[Stored data entries]

****

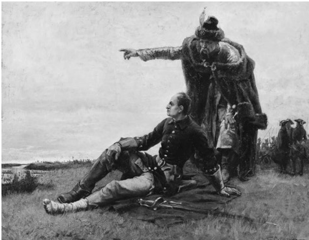
Густав Олаф Цедерстрем, картина «Карл XII и гетман Мазепа после Полтавской битвы»

Имя следующего «героя», Ивана Мазепы, стало нарицательным. Так на Руси с известных пор называют предателей. Но согласно официальной украинской политической версии, главным героем легендарного Полтавского сражения, в котором русские наголову разбили шведского короля Карла XII вкупе с Мазепой, был не Петр I и не Семен Палий, а как раз несчастный гетман.
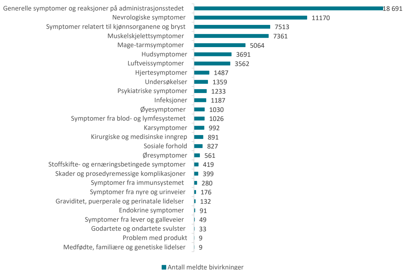
Tabell 6: Meldte mistenkte bivirkninger fordelt etter kategori for Comirnaty og Spikevax

En melding kan inneholde flere bivirkninger og dermed er det langt flere bivirkninger enn meldinger.
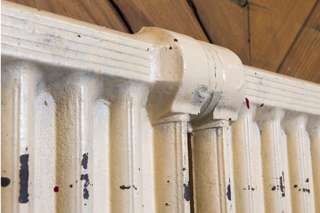
Détail d'un des radiateurs en fonte.
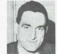
M. CLAUDE RYAN directeur - Le Devoir
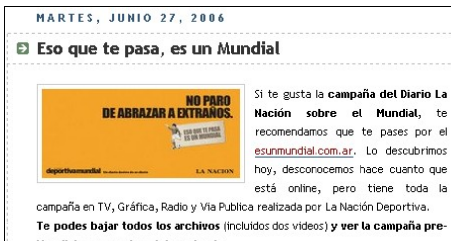
Figura 4. Simbiosis 2- Link de Tic Espor para Blog La Nación (27-06-06)
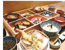
季ごころくぼやま

****

## [DESCRIPTION OF THE TASK]
Take the line containing "раз несчастный гетман." and every line after it up to the end of the entries, and quote them exactly. Both ends count; the pictures do not.

## [WRITTEN RESPONSE]
Имя следующего «героя», Ивана Мазепы, стало нарицательным. Так на Руси с известных пор называют предателей. Но согласно официальной украинской политической версии, главным героем легендарного Полтавского сражения, в котором русские наголову разбили шведского короля Карла XII вкупе с Мазепой, был не Петр I и не Семен Палий, а как раз несчастный гетман.
Tabell 6: Meldte mistenkte bivirkninger fordelt etter kategori for Comirnaty og Spikevax

En melding kan inneholde flere bivirkninger og dermed er det langt flere bivirkninger enn meldinger.
Détail d'un des radiateurs en fonte.
M. CLAUDE RYAN directeur - Le Devoir
Figura 4. Simbiosis 2- Link de Tic Espor para Blog La Nación (27-06-06)
季ごころくぼやま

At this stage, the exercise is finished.